* THE TASK *
Reproduce the listing below from the line with "同期,奧維云網的數據顯示,6" to the line with "本次演练由我校后勤主任李同磊", both lines included, character for character, minus any pictures.

* INPUT DATA *

=-=-=

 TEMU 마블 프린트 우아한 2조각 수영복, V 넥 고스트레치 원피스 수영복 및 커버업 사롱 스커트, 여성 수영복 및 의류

=-=-=

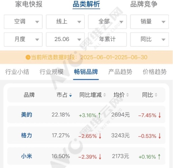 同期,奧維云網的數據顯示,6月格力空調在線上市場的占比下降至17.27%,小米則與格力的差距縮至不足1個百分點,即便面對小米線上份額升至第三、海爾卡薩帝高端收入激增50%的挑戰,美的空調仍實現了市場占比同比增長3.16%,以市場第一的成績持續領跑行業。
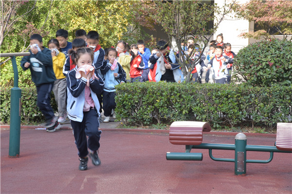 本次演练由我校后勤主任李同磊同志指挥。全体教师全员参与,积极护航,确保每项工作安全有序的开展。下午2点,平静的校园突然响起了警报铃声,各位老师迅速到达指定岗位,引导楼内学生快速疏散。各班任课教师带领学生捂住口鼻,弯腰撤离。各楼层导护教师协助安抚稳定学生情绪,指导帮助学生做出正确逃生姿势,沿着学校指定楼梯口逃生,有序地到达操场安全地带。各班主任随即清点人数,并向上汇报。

=-=-=

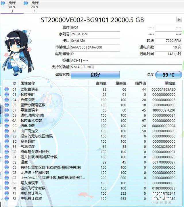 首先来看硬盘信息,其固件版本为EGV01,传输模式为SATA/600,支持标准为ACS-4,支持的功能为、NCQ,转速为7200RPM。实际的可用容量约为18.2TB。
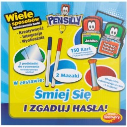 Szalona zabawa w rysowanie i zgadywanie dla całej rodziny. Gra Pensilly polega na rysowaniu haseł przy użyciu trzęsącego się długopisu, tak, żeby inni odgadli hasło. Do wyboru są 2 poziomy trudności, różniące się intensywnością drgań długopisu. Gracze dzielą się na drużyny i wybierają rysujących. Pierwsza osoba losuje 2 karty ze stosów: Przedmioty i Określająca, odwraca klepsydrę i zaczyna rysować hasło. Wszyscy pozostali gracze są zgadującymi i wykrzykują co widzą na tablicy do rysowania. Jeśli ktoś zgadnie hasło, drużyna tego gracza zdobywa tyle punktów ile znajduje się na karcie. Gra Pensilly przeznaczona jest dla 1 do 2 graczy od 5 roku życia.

=-=-=

* ANSWER TO THIS TASK *
 同期,奧維云網的數據顯示,6月格力空調在線上市場的占比下降至17.27%,小米則與格力的差距縮至不足1個百分點,即便面對小米線上份額升至第三、海爾卡薩帝高端收入激增50%的挑戰,美的空調仍實現了市場占比同比增長3.16%,以市場第一的成績持續領跑行業。
 本次演练由我校后勤主任李同磊同志指挥。全体教师全员参与,积极护航,确保每项工作安全有序的开展。下午2点,平静的校园突然响起了警报铃声,各位老师迅速到达指定岗位,引导楼内学生快速疏散。各班任课教师带领学生捂住口鼻,弯腰撤离。各楼层导护教师协助安抚稳定学生情绪,指导帮助学生做出正确逃生姿势,沿着学校指定楼梯口逃生,有序地到达操场安全地带。各班主任随即清点人数,并向上汇报。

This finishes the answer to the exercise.